Ted (not his real name) arrived at my apartment two hours after Jason (also not his real name) texted him. I was expecting somebody young, but Ted was an older man, in his 60s or 70s. The van he pulled up in was white and unmarked. He was wearing a red turtleneck sweater, jeans, old sneakers. He had a ponytail. He looked like someone’s off-beat, slightly disheveled great uncle. Everything about him—the van, especially—embarrassed me. He hauled a bag of supplies: rapid blood tests, forms secured on a clipboard, and condoms.
I was panicking because Jason, who was my on-and-off-again boyfriend at the time, had recently relapsed on heroin. Jason had assured me he always used clean needles, but by that point, I didn’t believe much of what he said. I wanted both of us to get tested for HIV and Hep C. Jason told me he had a “friend from an organization” who could provide us with free and rapid blood tests that day.

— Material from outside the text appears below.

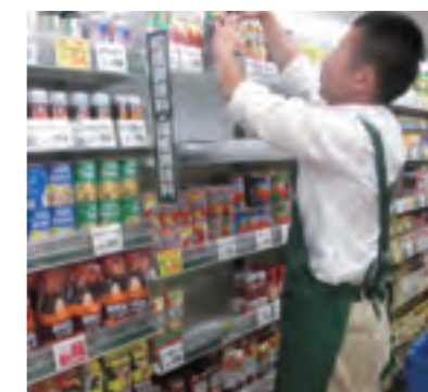
スーパーマーケットでの商品陳列

お客様のご協力のもと実際にスーパーマーケットの売場に立ち、店舗の方々へ指導していただきながら、品出しや陳列、試食販売、店頭販売などの仕事を体験します。お客様の視点や、お客様であるスーパーマーケットの業務を徹底的に学び、現場に密着した提案のできるセールスをめざします。
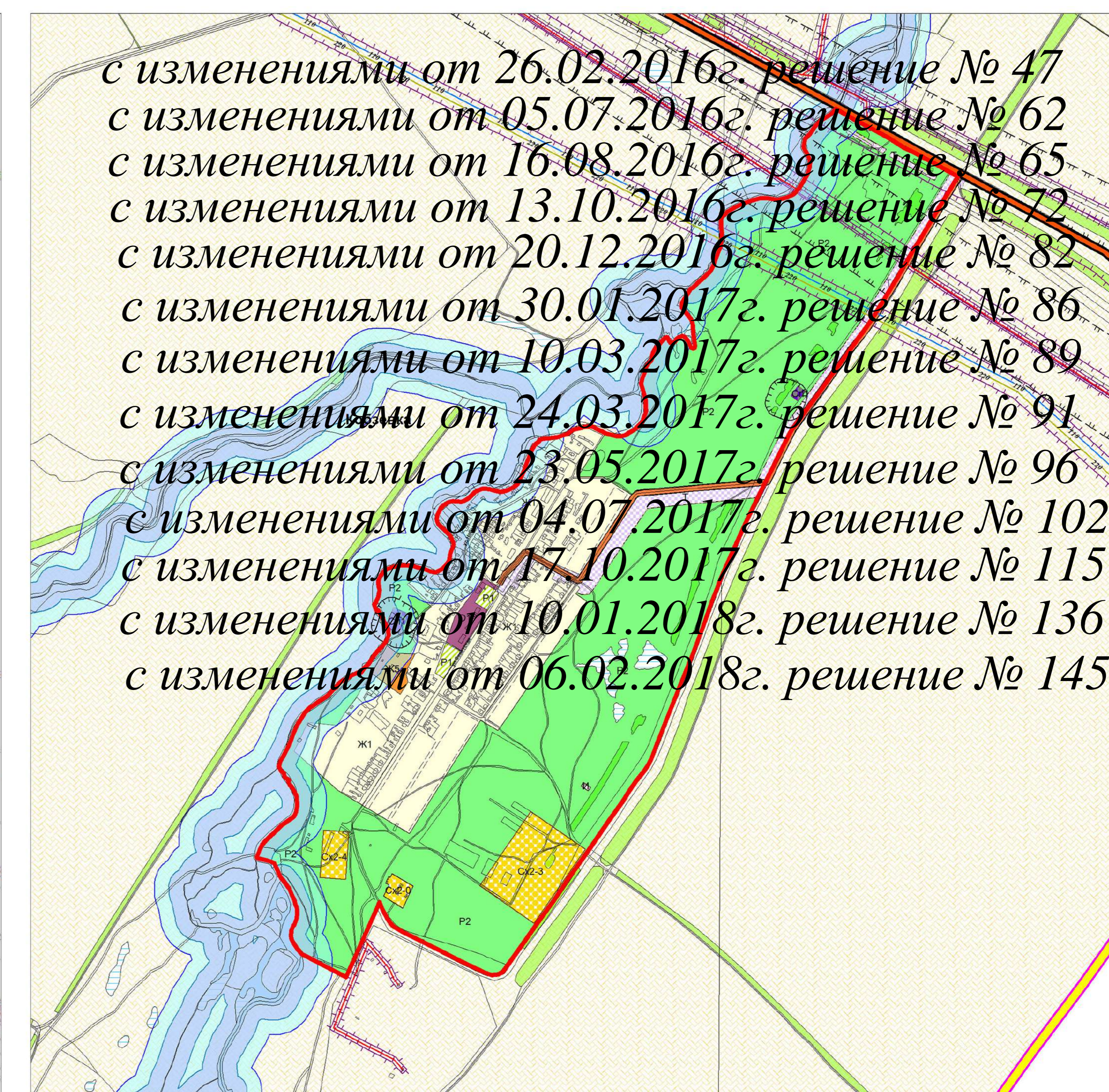
Карта градостроительного зонирования п. Морец муниципального района Большеглушицкий Самарской области

I didn’t know then what harm reduction was, or that Ted was a harm reduction practitioner. Ted was there to help us, but I was too caught up in my own fear to see this. In my mind, Ted was just some guy Jason had saved in his phone, someone who showed up when Jason texted—and because of that, I mistrusted him instantly.
Jason had a lot of support, but when he was relapsing, it wasn’t his doctor, his sponsor, or his drug court counselor he called. He avoided these people; I didn’t learn their names, and I never met any of them. The way I perceived these people and their roles in Jason’s life were filtered through Jason, but when he was using, his supports quickly turned into the enemy. Everyone, it seemed, was coaching Jason to move from the drug world to the real one—the nine-to-five, three meals a day, regular showers, and sleep at night way of life. Ted was someone Jason could call no matter where he was.
It wasn’t really that Ted existed in both worlds. For Ted and Jason, it was all the same world—or at least, the line between the two was not so stark. Ted’s services were not going to fluctuate depending on where Jason was or how bad things got.
When talking about addiction, people tend to use black and white language, and Jason even used this language to describe himself. But from where I stood, things were never so absolute with him. Harm reduction acknowledges that recovery isn’t black and white; that it rarely happens all at once. It exists on a spectrum and it happens differently for different people.
Jason and Ted greeted each other warmly in my living room. The visit went smoothly. Ted was chatty, but not overly personal—although the questions on the forms were. He asked about our drug use and our sex life and ticked off boxes as we answered. I was not a drug user, but Jason had been for years. We hadn’t been using condoms. When Jason proudly announced to Ted that he had decided to get clean—Ted smiled and said, “Hey, that’s great.” Jason had just gotten out of rehab that morning and had been sober for a matter of days.
Then Ted spoke a little about his own recovery. He told us that he had been sober for decades, but it was still one day at time. Working as a harm reduction practitioner was part of his way of staying sober. Serving people who were actively using reminded him, every day, that he did not want to return to the life he once had.
I tried to imagine Ted lying compulsively to a girlfriend or nodding out in his car, but I couldn’t picture it. Ted was twice as old as Jason, and there was a calming, steadying presence about the older man. He was extraordinarily kind. He pricked our fingers—mine first, then Jason’s. All of our tests came back negative.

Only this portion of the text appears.